(Beginning of STORED DATA)
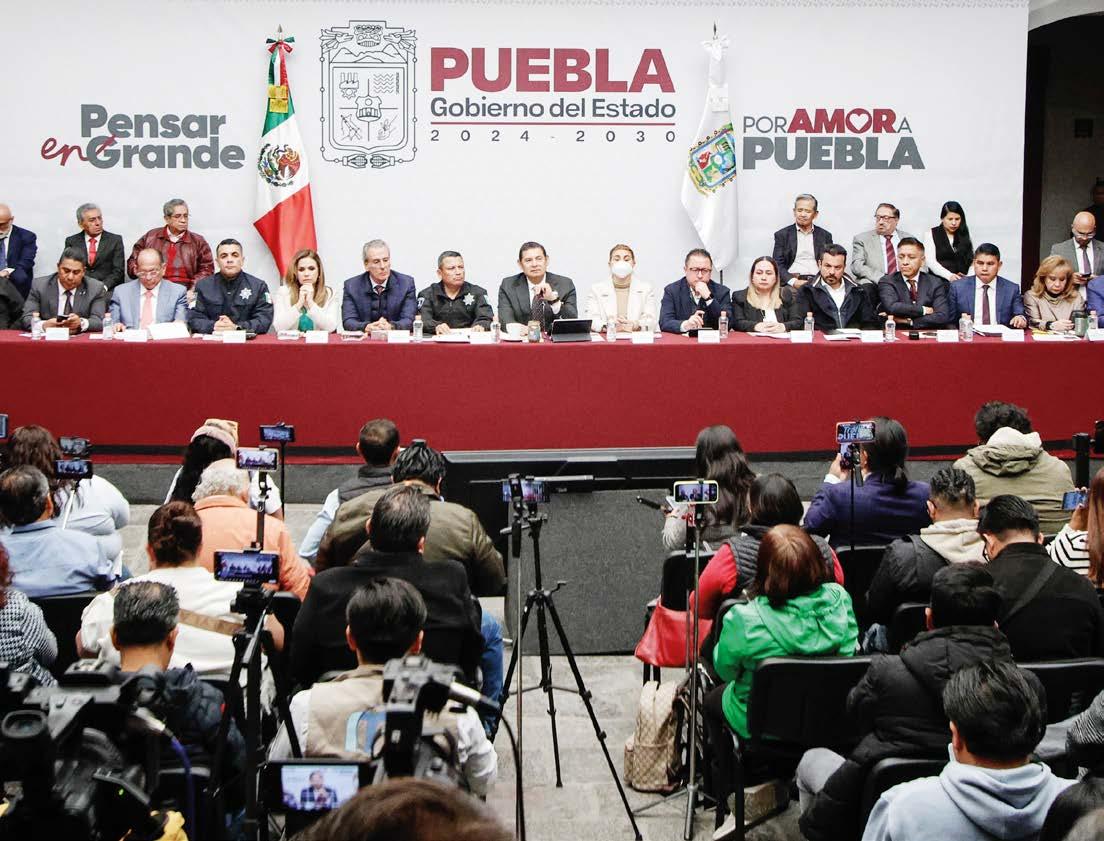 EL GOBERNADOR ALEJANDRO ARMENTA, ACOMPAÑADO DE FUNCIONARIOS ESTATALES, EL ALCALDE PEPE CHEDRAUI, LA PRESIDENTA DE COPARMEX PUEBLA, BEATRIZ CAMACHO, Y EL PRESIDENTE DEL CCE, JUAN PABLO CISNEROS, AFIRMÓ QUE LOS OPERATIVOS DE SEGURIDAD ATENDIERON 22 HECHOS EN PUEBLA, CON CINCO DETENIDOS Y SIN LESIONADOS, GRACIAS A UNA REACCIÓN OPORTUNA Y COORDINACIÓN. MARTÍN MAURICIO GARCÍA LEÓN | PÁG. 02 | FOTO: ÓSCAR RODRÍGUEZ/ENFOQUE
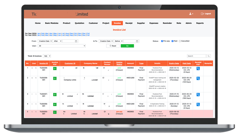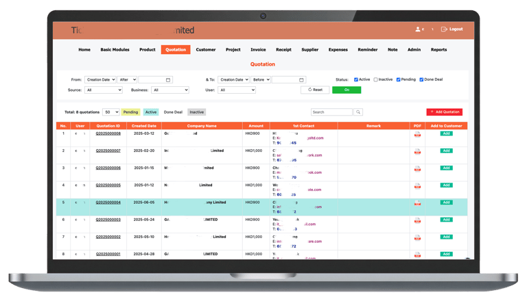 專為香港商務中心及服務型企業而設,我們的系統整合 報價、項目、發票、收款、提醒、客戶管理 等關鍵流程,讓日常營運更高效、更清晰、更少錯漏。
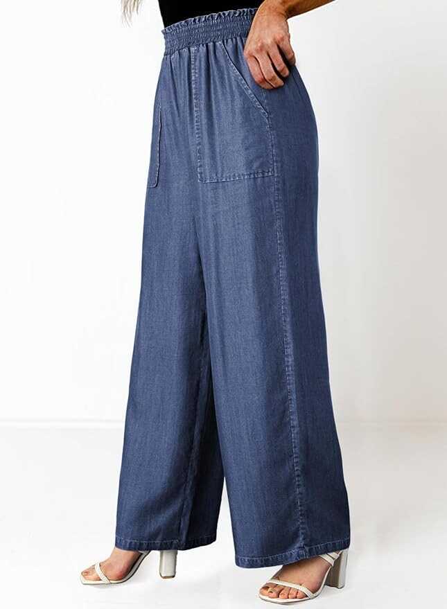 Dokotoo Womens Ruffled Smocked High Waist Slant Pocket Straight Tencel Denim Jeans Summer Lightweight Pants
(End of STORED DATA)
Restate the listing word for word and drop the pictures.

=== TASK RESPONSE ===
 EL GOBERNADOR ALEJANDRO ARMENTA, ACOMPAÑADO DE FUNCIONARIOS ESTATALES, EL ALCALDE PEPE CHEDRAUI, LA PRESIDENTA DE COPARMEX PUEBLA, BEATRIZ CAMACHO, Y EL PRESIDENTE DEL CCE, JUAN PABLO CISNEROS, AFIRMÓ QUE LOS OPERATIVOS DE SEGURIDAD ATENDIERON 22 HECHOS EN PUEBLA, CON CINCO DETENIDOS Y SIN LESIONADOS, GRACIAS A UNA REACCIÓN OPORTUNA Y COORDINACIÓN. MARTÍN MAURICIO GARCÍA LEÓN | PÁG. 02 | FOTO: ÓSCAR RODRÍGUEZ/ENFOQUE
 專為香港商務中心及服務型企業而設,我們的系統整合 報價、項目、發票、收款、提醒、客戶管理 等關鍵流程,讓日常營運更高效、更清晰、更少錯漏。
 Dokotoo Womens Ruffled Smocked High Waist Slant Pocket Straight Tencel Denim Jeans Summer Lightweight Pants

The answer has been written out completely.